Le couple bonheur-malheur définit une attitude humaine, celle qui se défend contre le monde extérieur, celle qui réagit sur lui, contre lui, celle du souci, de la peur et de l’angoisse, tandis que le terme univoque, que ce soit félicité ou béatitude, définit la vie végétative, celle du très petit nombre d’individus qui sont parvenus au-delà, qui, vus du monde profane, celui de l’évolution indéfinie et aveugle, du soi-disant « progrès », ont régressé, ont involué, c’est-dire ont fait retour à l’origine, l’état du bébé dans les bras de sa mère, ou même dans son ventre, celui, par-delà le statut animal, du végétal immobile, qui puise la sève de la terre et se nourrit de la lumière céleste, celui en somme auquel fait allusion l’expression zen : une assemblée en zazen est une forêt d’arbres morts, expression d’ailleurs inexacte, ou mal traduite, car il faudrait dire une forêt en hiver, quand les arbres ayant renoncé aux fruits, aux fleurs et aux feuilles, se sont repliés sur eux, au cœur même de leur être foncier.

Et voilà, je ne sais comment ça s’est fait, je n’ai pas senti le temps passer, mais ça y est, nous sommes arrivés, le train entre en gare.

KWAN YIN

29 novembre

Je respire, le monde autour de moi respire. Je n’entends plus ma respiration, j’écoute, celle du monde, c’est la même.

30 novembre

Un maître du Zen est un professeur de destin.

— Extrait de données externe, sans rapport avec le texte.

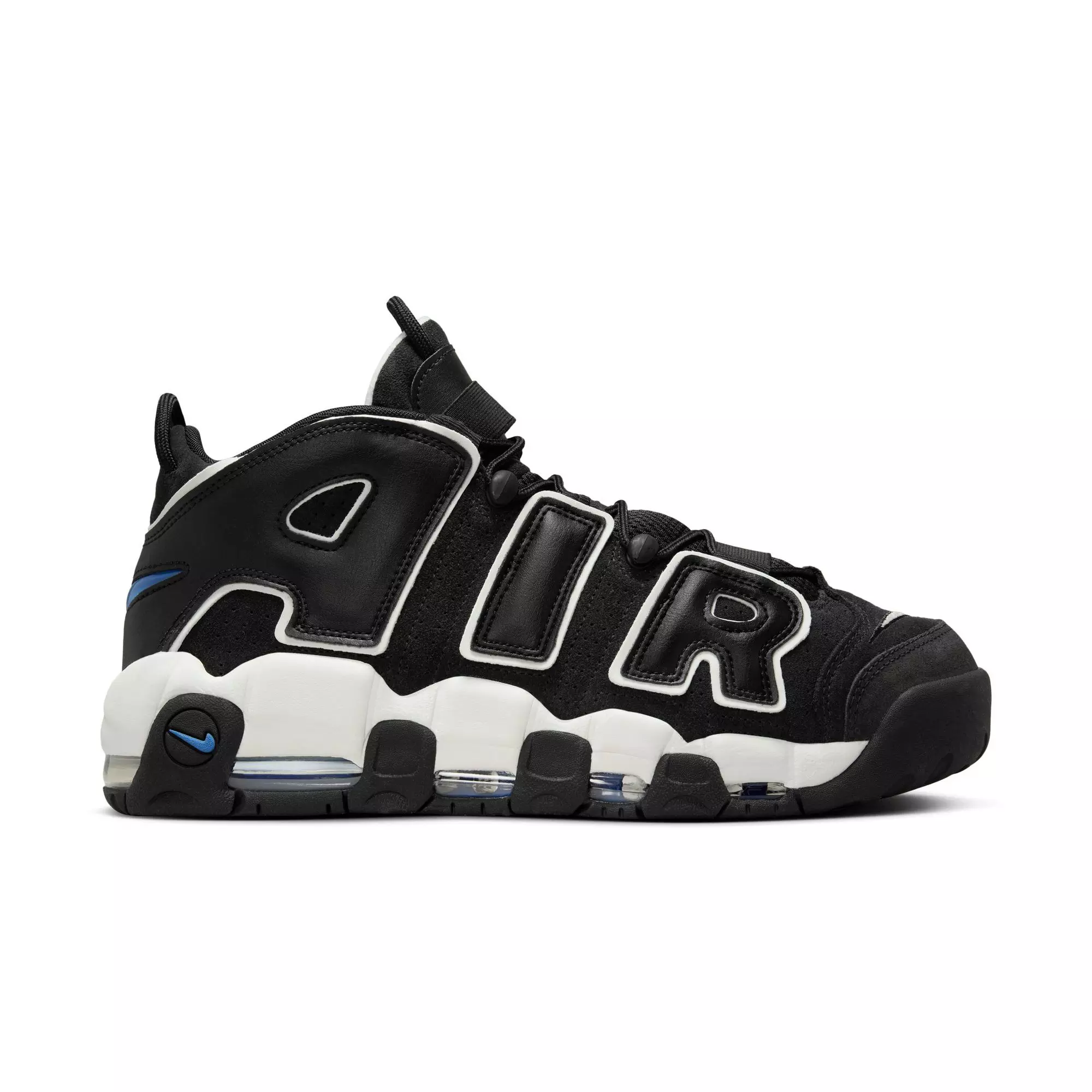 Bold, eye-catching and all about the A-I-R. The Nike Air More Uptempo '96 Scottie Pippen "Black/Star Blue/Summit White/Sail" Men's Shoe refreshes an original that has reigned supreme for more than 20 years. With a design inspired by high-flying basketball style and '90s graffiti art, these kicks can't help but turn heads off court. Plus, Air units in the heel, forefoot and midfoot provide comfortable cushioning so you feel as good as you look.Features

Il ne faut pas apprivoiser le Zen, c’est une bête sauvage, un homme primitif venu du fond des âges, en d’autres termes, l’homme « cosmique » lui-même. Il ne faudrait surtout pas l’occidentaliser, c’est-à-dire le faire nôtre, le réduire à nos proportions, car sa vertu (curative, sa virtus, autrement dit sa force) en serait édulcorée.

1er décembre

On découvre en zazen ceci, qui est un paradoxe, non du Zen, mais du corps : pour être parfaitement droite, la colonne vertébrale doit retrouver sa double courbure naturelle, celle d’un arc.